Suasana kampung asri di mana lahan itu berada, membuat Maya tertarik untuk tinggal di tempat itu. Hal itu mengingatkannya kepada kenangan masa kecil. Keluarganya masih tinggal seatap dengan eyang sebelum memiliki rumah sendiri. Kersen tumbuh di depan rumah, menjadi tempat bermain anak-anak sebayanya. Bersandar di dahannya dengan mulut mengunyah buah-buah kemerahan sehabis pulang sekolah. Halaman menghijau tertutup rumput Jepang menjadi alas empuk untuk berbaring menatap awan berarakan. Tali putri dengan bentuknya menyerupai mi kuning merambat di teh-tehan menjadi mainan pasaran. Dan teras luas dipenuhi tawa renyah ibu-ibu yang sedang mengasuh anak-anak di kala sore hari.
Laki-laki itu mengukur lebar muka lahan dengan langkah kakinya. “Pas lebar depannya, May. Kira-kira delapan meter,” ucapnya. “Nanti, aku hubungi nomornya.”
“Pasti harganya mahal,” balas Maya dengan terselip kekhawatiran.
“Tenang. Mamamu kan banyak uang.” Tawa keluar dari mulut Awan.
“Ngawur!”
Mereka melanjutkan langkahnya menuju rumah kontrakan. Matahari sudah bergerak meninggi. Pak RT yang sedang menyapu jalan di depan rumahnya, menghentikan Awan. Kedua lelaki itu terlibat diskusi kecil.
Suara kibasan pakaian basah terdengar dari balik pagar. Terlihat Bu RT sedang menjemur pakaian bayi di area terbuka depan rumah yang hanya selebar semeter. Perempuan itu sudah kepala empat, tetapi sebulan lalu dia masih bisa melahirkan seorang bayi perempuan melalui operasi sesar. Maya mendekati bayi yang sedang dijemur. Duduk jongkok, mengusap pipi merah yang tertidur cantik dengan sesekali menggeliat.
“Cantiknya,” kata Maya.
“Saya malu sebenarnya, Bu Maya. Sudah tua gini masih bunting,” selorohnya. “Bapaknya kekeh kepingin anak perempuan. Biar saya ada temannya, katanya.”

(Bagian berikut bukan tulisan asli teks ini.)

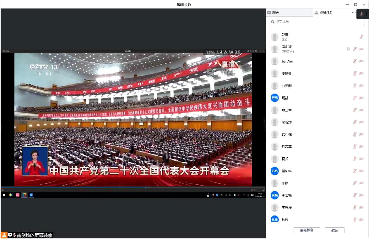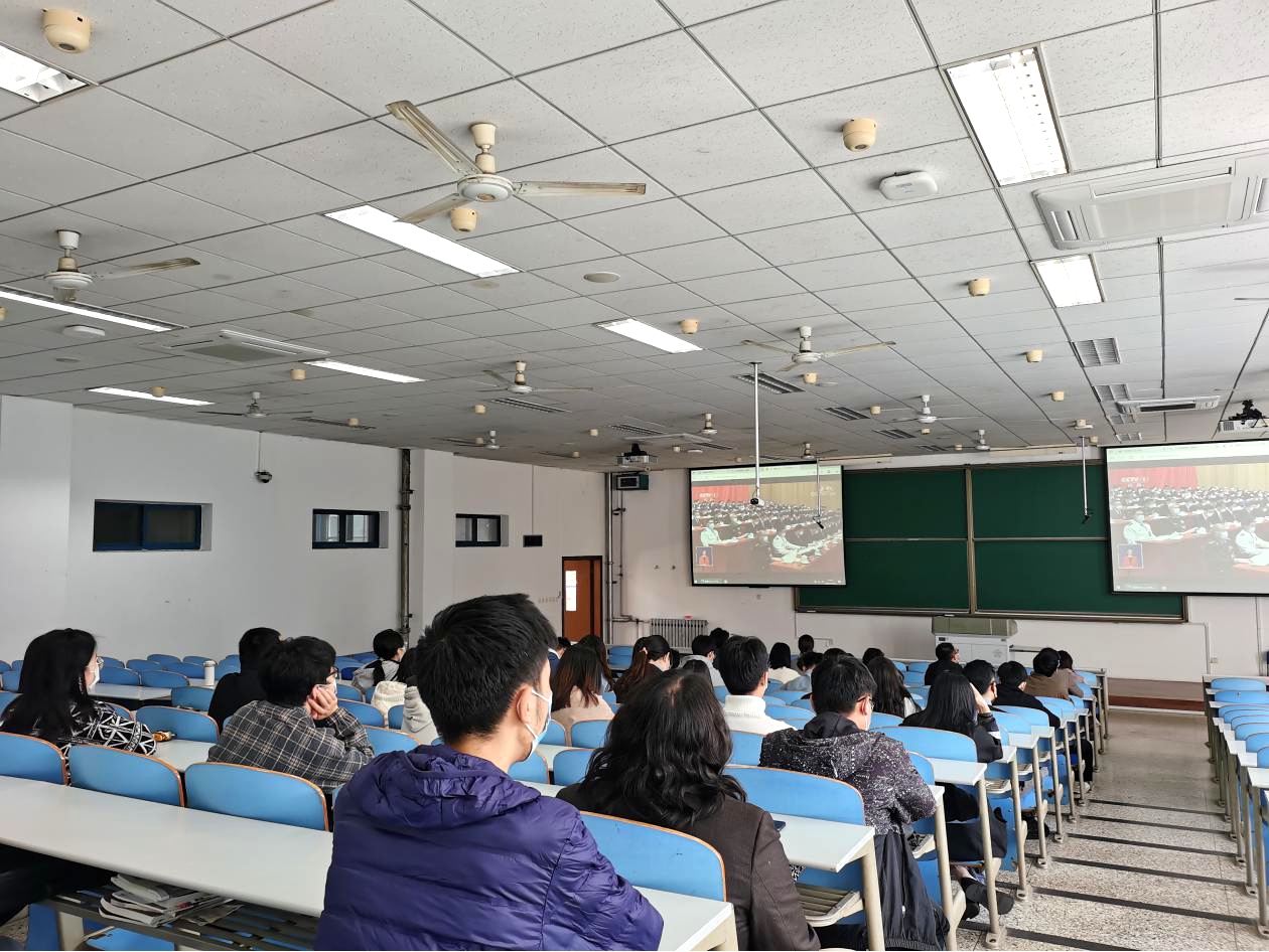 蜜桃直播 组织学院领导班子及党委理论学习中心组成员与学生党员代表在长安校区启翔楼357会议室共同观看党的二十大开幕会,认真聆听习近平总书记向大会所作的报告,共同亲历这一庄严的时刻,第一时间学习领会大会精神。学院其他教职工党员通过线上会议共同观看党的二十大开幕会,学院全体学生党员以党支部为单位分别在报告厅、教室、会议室等地,通过电视、网络等多种形式收看开幕会盛况。

Maya hanya mengguratkan senyum tipis. Memandang kasihan dirinya. Matanya melirik pada tumpukan popok kering yang tidak jauh dari tempatnya. Ketika Bu RT sedang menggantungkan pakaian, dia menyahut popok itu, dan segera memasukkan ke dalam tas kecilnya.
“Wah, enak masih bisa jalan-jalan, Bu Maya. Saya sudah nggak sempat,” ujar perempuan itu sembari memeras baju basah dari ember.
“Monggo, Bu RT.” Maya segera undur diri, setelah pakaian bayi sudah tersimpan rapat. Tatapannya masih terpaku pada wajah mungil dan lambaian kain-kain putih kecil yang tergantung di tali jemuran.
“Baik, Pak RT. Nanti kita bicarakan lebih lanjut,” katanya menyudahi pembicaraan.
Mereka berjalan beriringan bergandengan tangan dengan kelindan yang bertolakan di otaknya masing-masing.
Di meja makan, Maya mengeluarkan lipatan kain kusut dari tasnya. Dan segera menunjukkan kepada suaminya yang sedang menggores tinta bolpoin di buku sketsanya. Laki-laki itu terperanjat sebentar memandang kain itu dan mengarahkan ke wajah istrinya.
“Kamu minta Bu RT?” tanya Awan.
“Nyolonglah. Syaratnya harus begitu,” jawab perempuan itu dengan tertawa kecil.
“Biar apa to?”
“Ya biar segera begini,” jawab istrinya dengan telapak tangan bergerak melengkung di perutnya, menunjukkan bentuk perut hamil.